Mar 1, 2019 | 4:07 PM

RALEIGH, N.C. — The political operative at the centre of an election fraud scandal that has engulfed a North Carolina congressional race was arrested Wednesday on charges of illegal ballot handling and conspiracy. Four people working for him were also charged.

Leslie McCrae Dowless Jr., 63, was accused of directing workers to collect and mail in other people’s absentee ballots during the 2018 Republican congressional primary and the 2016 general election. It is against the law in North Carolina for anyone other than the voter or a close relative to handle a mail-in ballot, a measure aimed at guarding against manipulation.

Prosecutors are still investigating evidence of ballot tampering by Dowless and others working on behalf of GOP candidate Mark Harris during last fall’s congressional election in the mostly rural 9th District, which includes part of Charlotte and extends eastward across several counties.

The indictment represents the first charges in a scandal that has cast doubt on election integrity and will leave a congressional seat unfilled for months.

“These indictments should serve as a stern warning to anyone trying to defraud elections in North Carolina,” state elections director Kim Westbrook Strach said.

Dowless was arrested less than a week after the state elections board decided that his work for Harris, starting with the primary, tainted the Republican’s apparent victory in November. The board ordered a new election but hasn’t set a date.

Harris is not running in the do-over election; his Democratic opponent from November, Dan McCready, is.

Harris has not been charged and has denied knowledge of any illegal practices by those involved in his campaign. But he, too, could come under scrutiny. During last week’s board hearing, he admitted writing personal checks to Dowless in 2017, a potential violation if the payments weren’t reported.

Dowless has denied wrongdoing and did not respond to phone and text messages Wednesday. A woman hung up on a call to Dowless’ attorney.

Dowless was charged with illegal possession of absentee ballots, obstruction of justice and conspiracy to obstruct justice. He was booked into a Raleigh jail. The four others were charged with illegal possession of an absentee ballot and conspiracy to obstruct justice.

The crimes “served to undermine the integrity of the absentee ballot process and the public’s confidence in the outcome of the electoral process,” the indictment said.

Dowless was accused of directing his workers “to mail the absentee ballot in such a manner to conceal the fact that the voter had not personally mailed it himself” — an act the indictment said constituted obstruction of justice.

In last fall’s congressional election, Harris led McCready by 905 votes out of about 280,000 cast, but the state elections board refused to certify Harris as the winner because of the fraud suspicions.

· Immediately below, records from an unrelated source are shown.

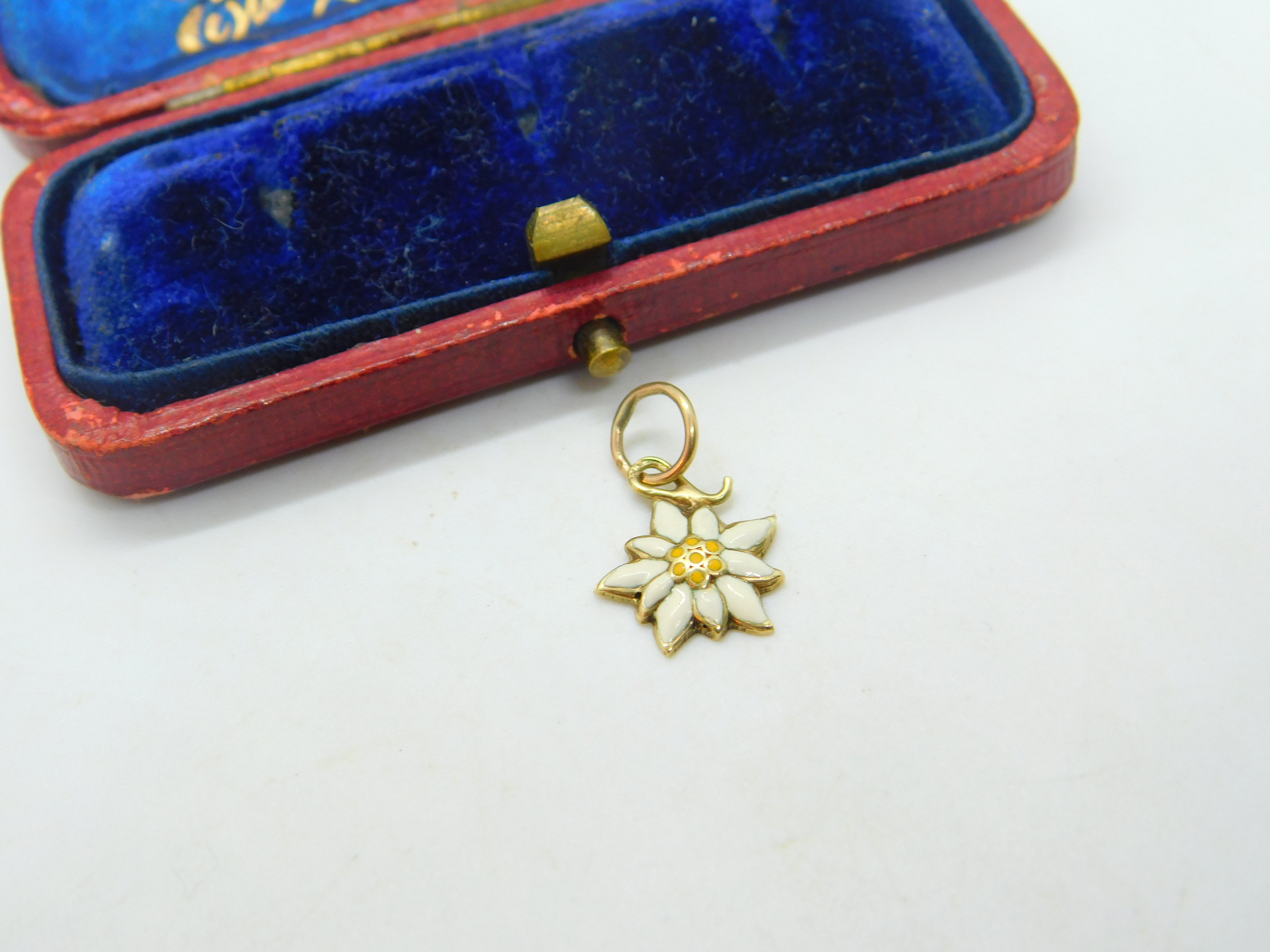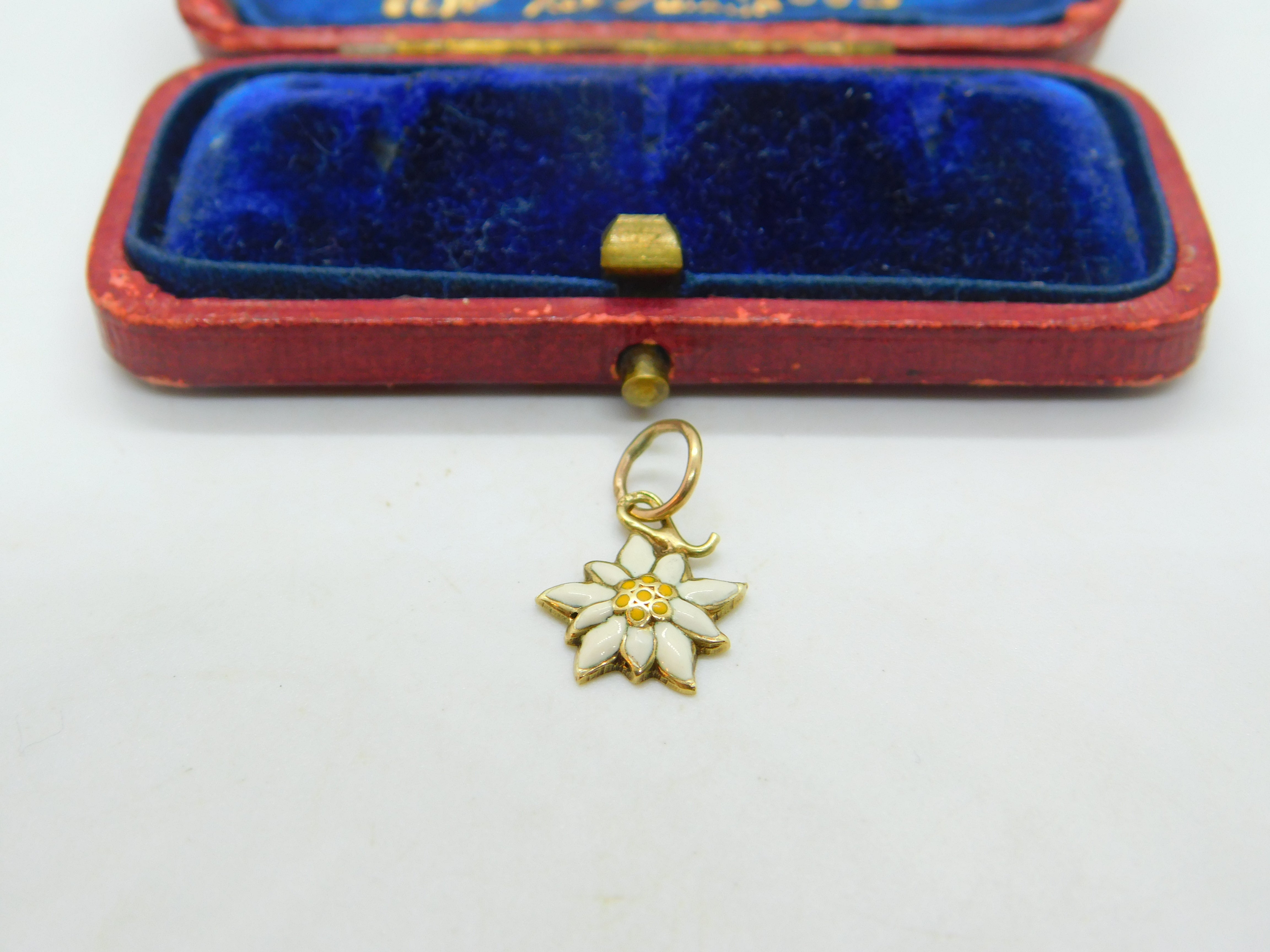 Details: A fantastic and wonderfully designed antique art deco 14ct yellow gold and white-yellow enamel edelweiss mountain flower charm pendant with lovely design marked 585 to the bale and tested c1940. This is a wonderful item that would make a perfect gift or addition to any collection. The BOX pictured is for PRESENTATION ONLY and is NOT included in the listings but used to frame the pictures unless specifically stated otherwise.
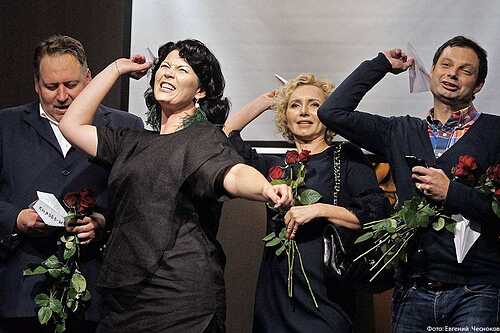 Ведущий вечера Павел Любимцев поздравил маститых выпускников «Щуки», а память ушедших за минувший год коллег собравшиеся почтили минутой молчания.
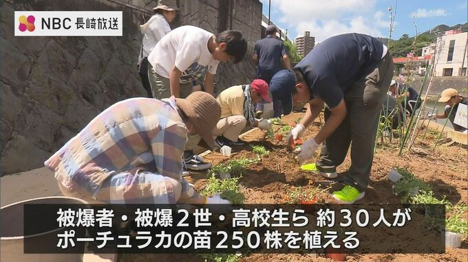 原爆犠牲者を慰霊するため、長崎被災協と被爆2世の会・長崎が10年前から川沿いにあるおよそ20メートルの花壇に、毎年、花の苗を植えています。この日は、被爆者や被爆2世に加え、高校生らおよそ30人がポーチュラカの苗250株を植えました。
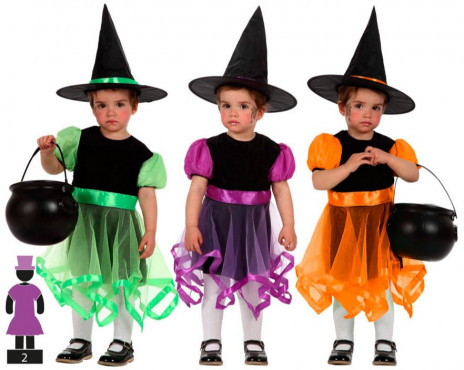 Fato de bruxa para bebé para festejar o halloween ou o carnaval. Disponível em três cores sortidas.
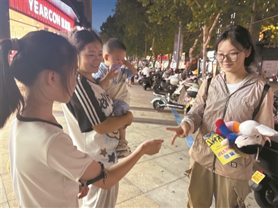 海宁市王国维小学教育集团的学生通过游戏邀路人参与送清凉。
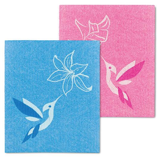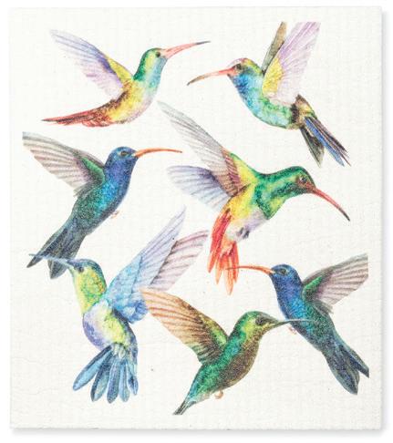 Min 6 6.75x7.5"L 288/C Hummingbirds Dishcloth. Ivory/Multi. Cellulose/Cotton.
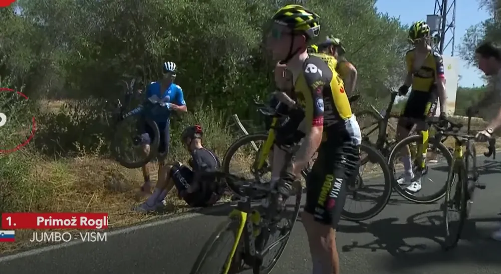 Cuộc chiến chỉ thật sự bắt đầu ở khoảng 80km cuối cùng khi một nhóm 8 tay đua vượt lên để có lợi thế hơn 1 phút 20 giây khi vào chân đèo Alto de San Jeronimo. Cuộc rượt đuổi đang diễn ra hấp dẫn thì xảy ra tai nạn chùm đông khi cách đích hơn 54 km, trong đó có áo đỏ Odd Christian Eiking (Intermarché–Wanty–Gobert Matériaux) và ứng cử viên nặng ký Primoz Roglic (Jumbo-Visma) bị té. Chính vì thế, toàn đội Jumbo-Visma đã dừng lại giúp đưa Primoz Roglic trở lại với đoàn đông.
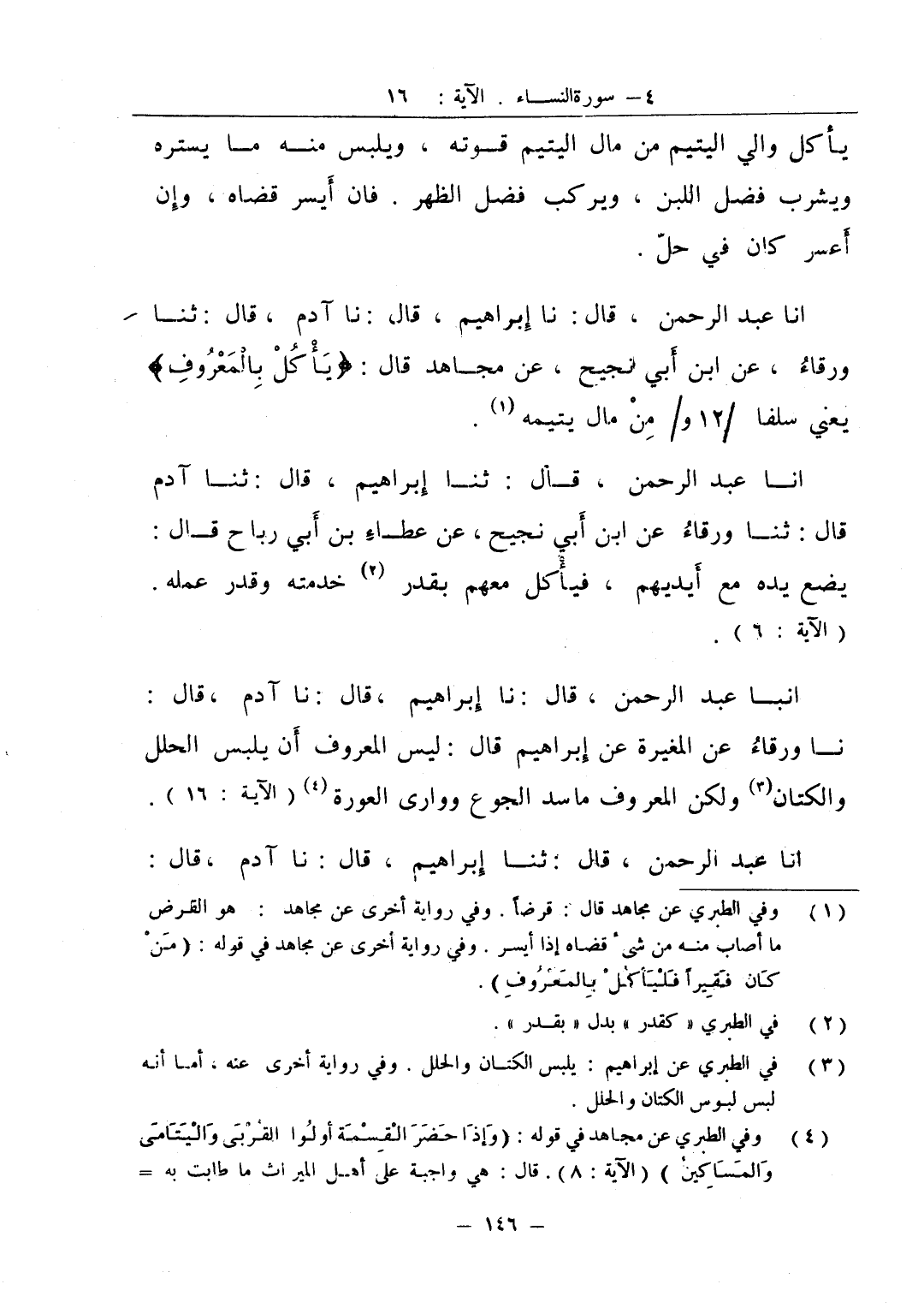 انا عبد الرحمن قال نا إبراهيم قال نا آدم قال ثنا ورقاء عن ابن ابي نجيح عن مجاهد قال يأكل بالمعروف يعنى سلفا من مال يتيمه أنا عبد الرحمن قال ثنا إبراهيم قال ثنا آدم قال ثنا ورقاء عن ابن أبي رباح قال يضع يده مع أيديهم فيأكل معهم بقدر خدمته وقدر عمله
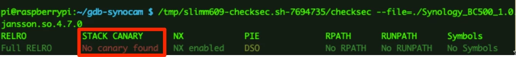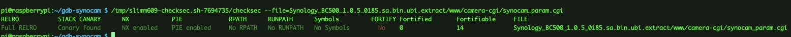 Using checksec, we analyzed the mitigations found in the main program synocm_param.cgi and in the JSON library /lib/libjansson.so.4.7.0. We found that while the main application process has almost all modern binary mitigations enabled including RELRO, NX, etc, the library was not compiled with stack canary protection.

Last week, Harris abruptly dropped his bid to be declared the winner and called for a new election, and the board agreed.

Wake County District Attorney Lorrin Freeman, who pursued the charges announced Wednesday, is still looking into evidence of irregularities in November. She indicated it could be weeks before any decisions are made on charges.

According to evidence at the elections board hearing, Dowless and his assistants illegally gathered up absentee ballots from voters by offering to put them in the mail, and in some cases forged signatures and filled in votes for local candidates.

Dowless refused to testify before the board without immunity from prosecution.

Dowless is a political junkie with felony convictions for perjury and insurance fraud — which led to a prison sentence in the 1990s — and several worthless-check offences. He came to Harris’ attention because he was known to produce votes.

Harris said he wanted to sign Dowless onto his 2018 campaign after noting the Bladen County man’s work resulted in one of Harris’ Republican rivals scoring an incredible 98 per cent of the mail-in ballots in the 2016 primary.

Harris hired Dowless despite repeated warnings from the candidate’s son, now a federal prosecutor in Raleigh, that Dowless was probably resorting to illegal methods.

In fact, Dowless had been on the radar of state elections investigators since 2010, when he was suspected of vote-buying but never charged. That was one of at least a half-dozen instances over the past nine years that prosecutors and election officials received complaints of serious irregularities in Bladen County.

The four other people charged in the case were paid by Dowless to collect ballots during the spring of 2018, when Dowless and his team were on the Harris campaign payroll, and during the 2016 general election, when Dowless himself successfully ran for a local soil and water conservation post, prosecutors said.

Jail records indicated he hadn’t posted bond as of early Wednesday evening.